Afghan women face rise in violence

Afghanistan's independent human rights commission says violence against women has increased over the past year.

The commission says it has recorded 265 cases of forced marriage and 165 cases of self-immolation, where women deliberately set fire to themselves.

In both cases the numbers are higher than those recorded previously.

The new Afghan constitution drawn up after the fall of the Taleban in 2001 is supposed to protect women but millions still face discrimination.

The rights commission says that even as many people in the country are faced with a worsening security situation, women are having to deal with increased cases of domestic violence.

It says that many continue to be forced into marriages against their will.

Last year it recorded 265 such cases, an increase from the previous year.

The commission says that more than half of the women in question are married under the legal age of 18-years-old.

Experts say poverty often drives families to marry off their daughters to older, wealthier men.

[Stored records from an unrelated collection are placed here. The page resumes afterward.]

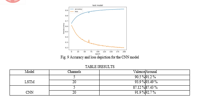11. Choi et al. used EEG signals from the DEAP dataset to train the LSTM model, enabling the classification of arousal and valence levels associated with mental states. The LSTM architecture enables the model to capture temporal dependencies in the EEG signals, facilitating accurate classification of emotional states in which the achieved valence and arousal accuracies are 78% and 74.65%, respectively.
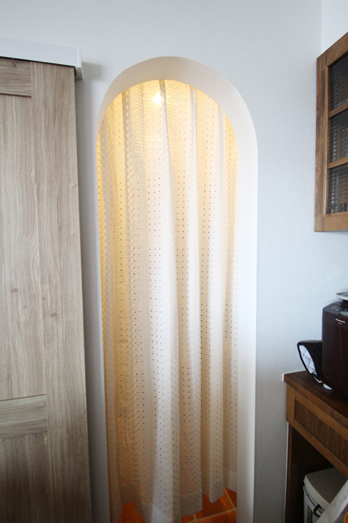 パントリー入口にかわいいカーテンをかけました
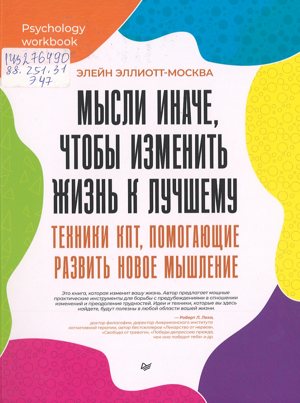 Эллиотт-Москва, Э. Мысли иначе, чтобы изменить жизнь к лучшему : техники КПТ, помогающие развить новое мышление / Элейн Эллиотт-Москва ; [перевела с английского О. Шилова] ; Ассоциация когнитивно-поведенческой психотерапии. – Санкт-Петербург [и др.] : Питер, 2023. – 221, [2] с. – (Серия «Psychology workbook»)
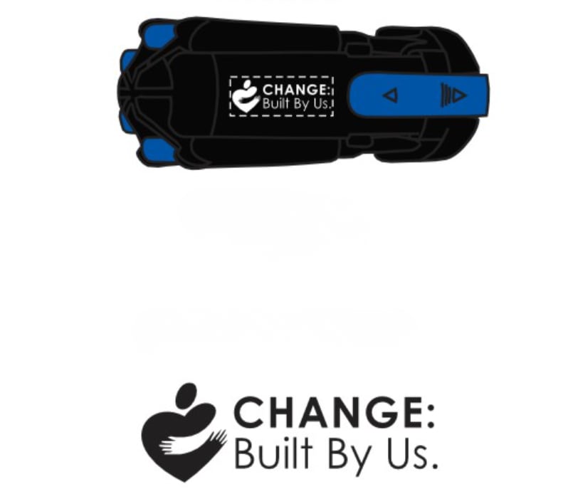 - Imprint on front reads "Change: Built by Us"
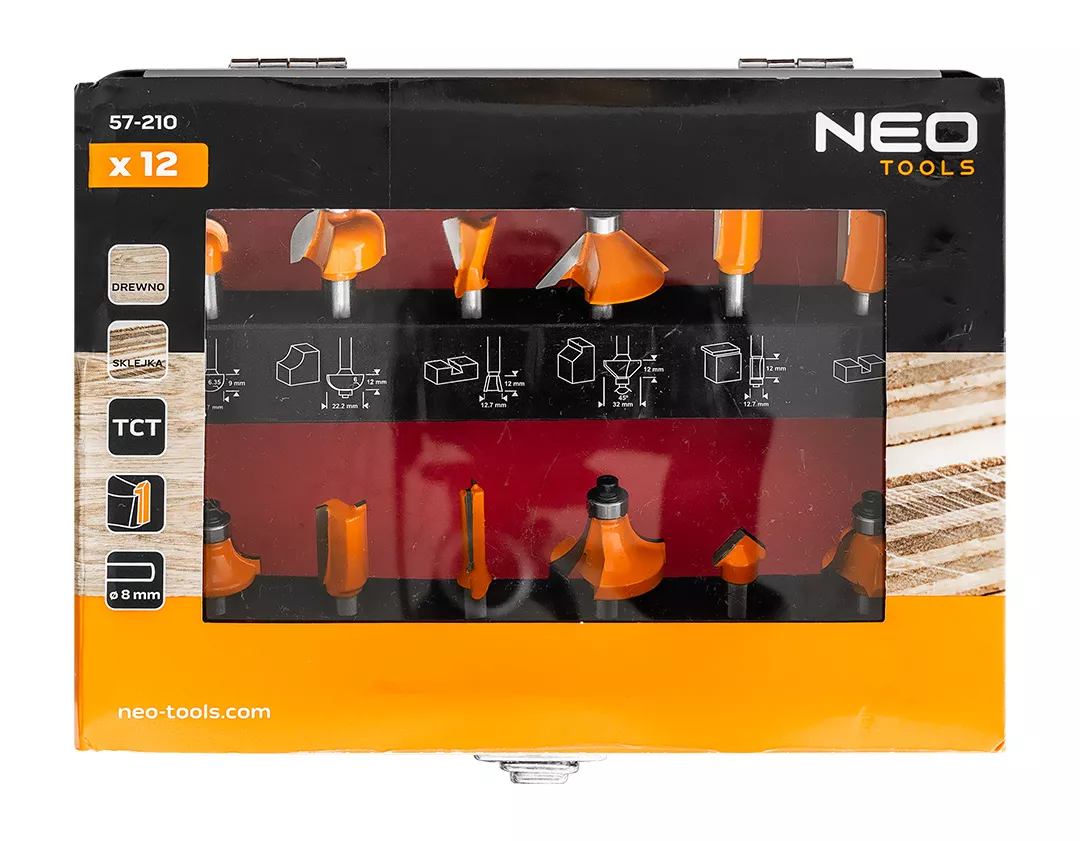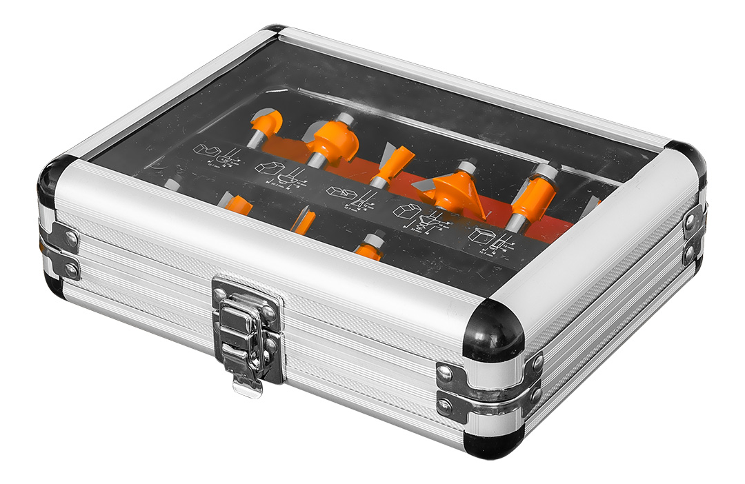 Frezy widiowe, trzpień 8 mm, zestaw 12 szt., plastikowa kasetka do przechowywania
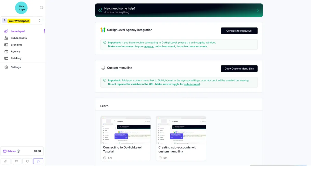Note: You must be one either the $297 or $497 GHL plans to be able to connect to our White Label Agency Dashboard. If you are on the $97 plan, you can still use our software directly in your sub-account but will not be able to utilize the White Label Agency Dashboard or utilize re-billing.
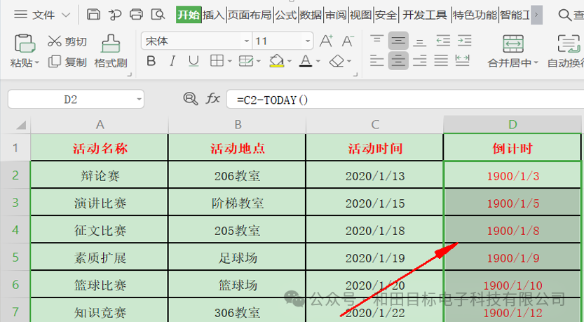 此时,在Excel中设置倒计时就做好啦,每天打开表格,数据都会自动的进行更新。如图所示:
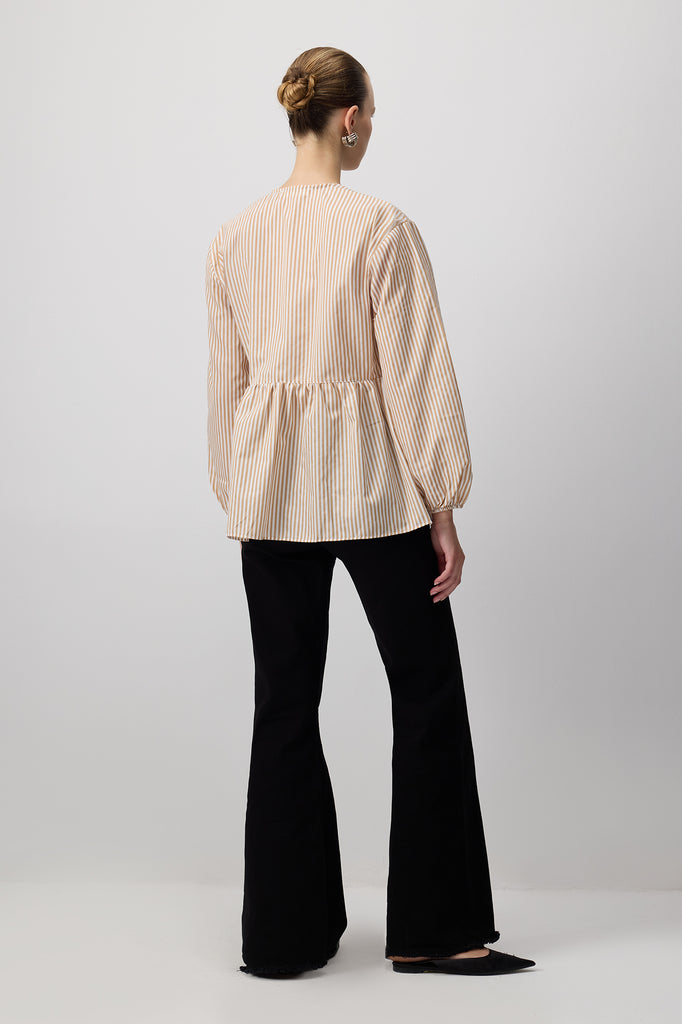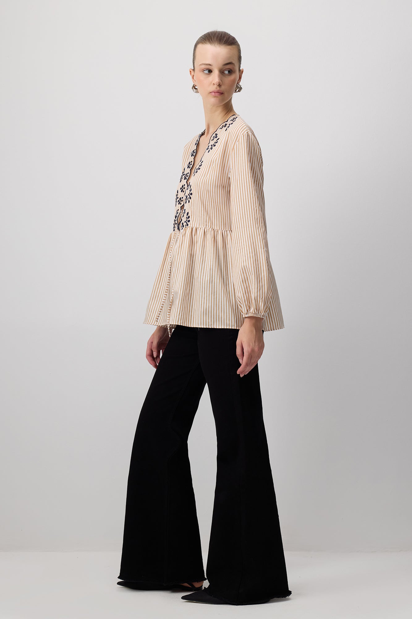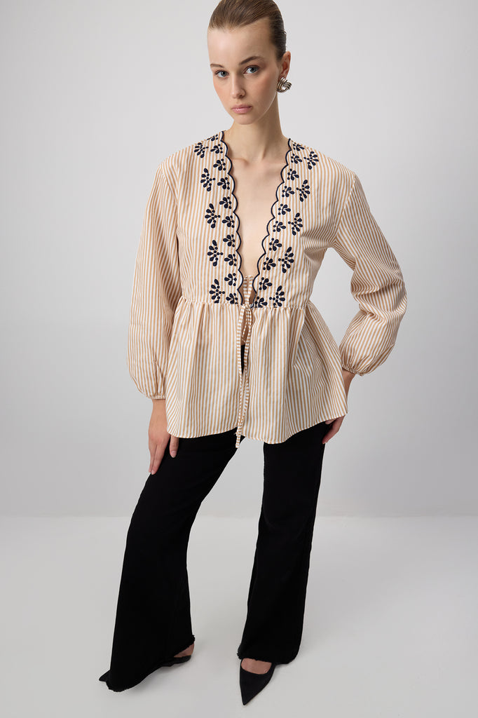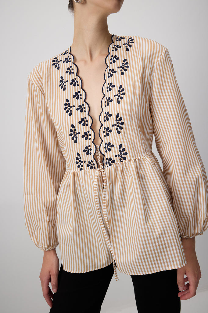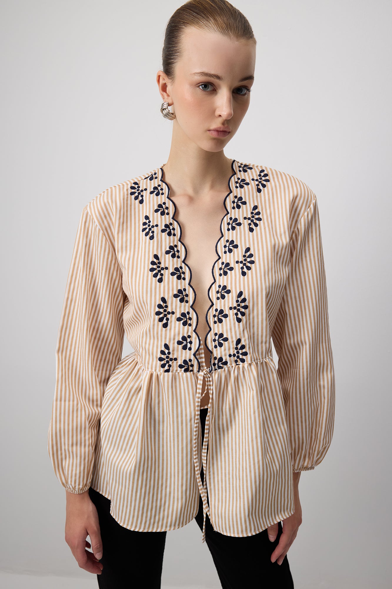 Nakış işlemeli. Uzun kollu. Elastik manşet. Kontrast çizgili. Önden bağlama detaylı.
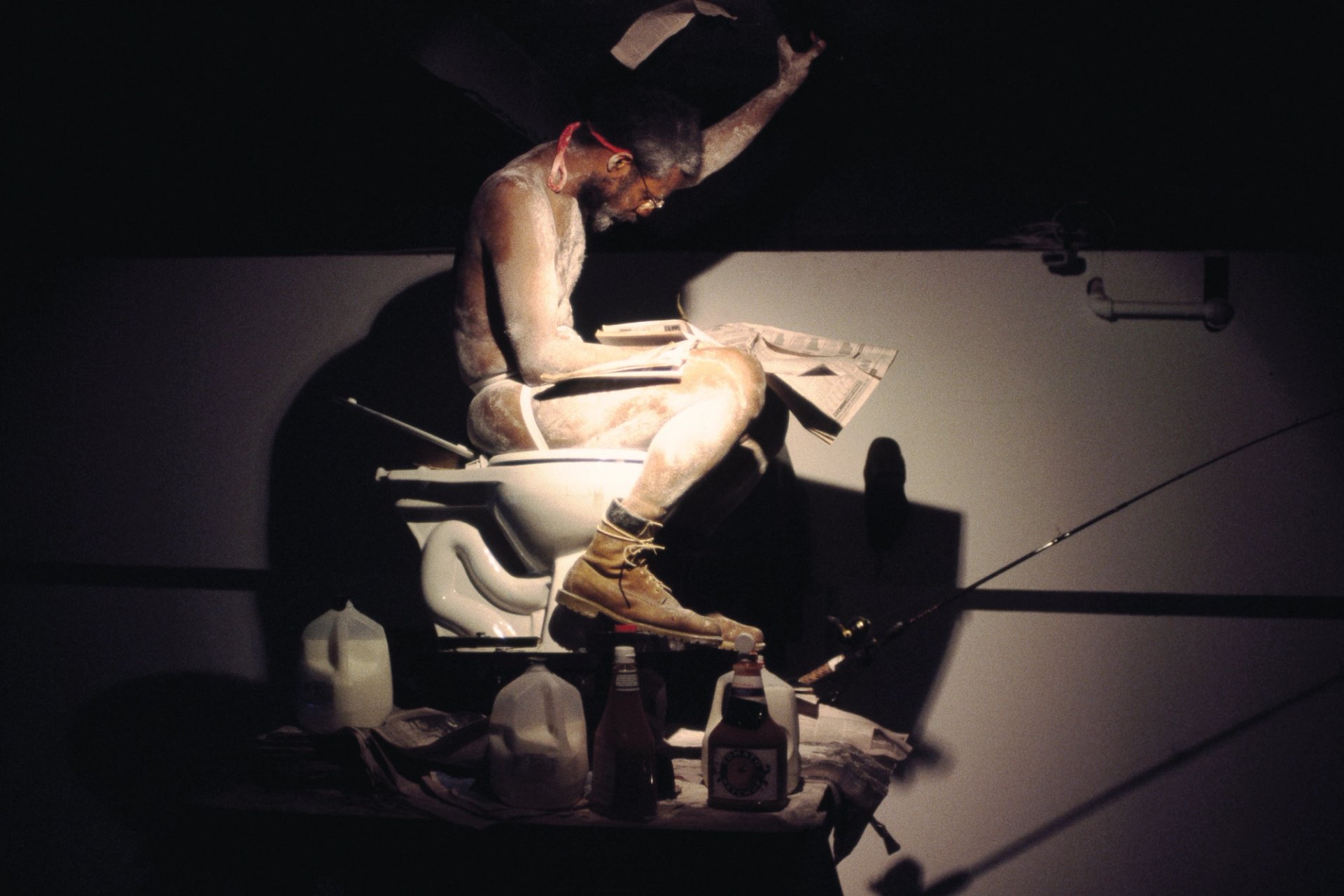 Eating the Wall Street Journal is maybe Pope.L’s most recognisable work, which has been performed in multiple different ways since 1991, when he first sat on an American flag and started eating pages of the Wall Street Journal, washing them down with milk and ketchup. It was a succinct commentary on the US’s glorification of capital and consumption, one made even more poignant when he restaged it at the Museum of Modern Art in 2000 while sitting atop a toilet and covering himself with flour to temporarily colour his skin white. A new version of this work is at the centre of an exhibition at the South London Gallery (SLG). For this iteration, Pope.L has removed the live performance element and, instead, three 4m-high wooden towers, topped with toilets and in various stages of collapse, will dominate the gallery’s main space. Around them, the Wall Street Journal issues will be stacked and milk jugs scattered; a flour-like substance will accumulate over the whole of the installation throughout the run of the show. The exhibition, which also includes previous film works like Small Cup (2008) and his Skin Set drawings from 2013, will be the artist’s first institutional solo show in the UK.

In some instances, women are handed over to resolve a community dispute.

To escape this situation many women commit suicide by burning themselves.

The commissioners recorded 165 cases of self-immolation in 2007.

Although these are nationwide figures, it says the actual numbers could be higher.

A new law against domestic violence and forced marriage has been drafted and is to be debated in parliament.

But previous steps such as laws to fight discrimination and under-age marriage have done little to stop the trend, especially in the villages.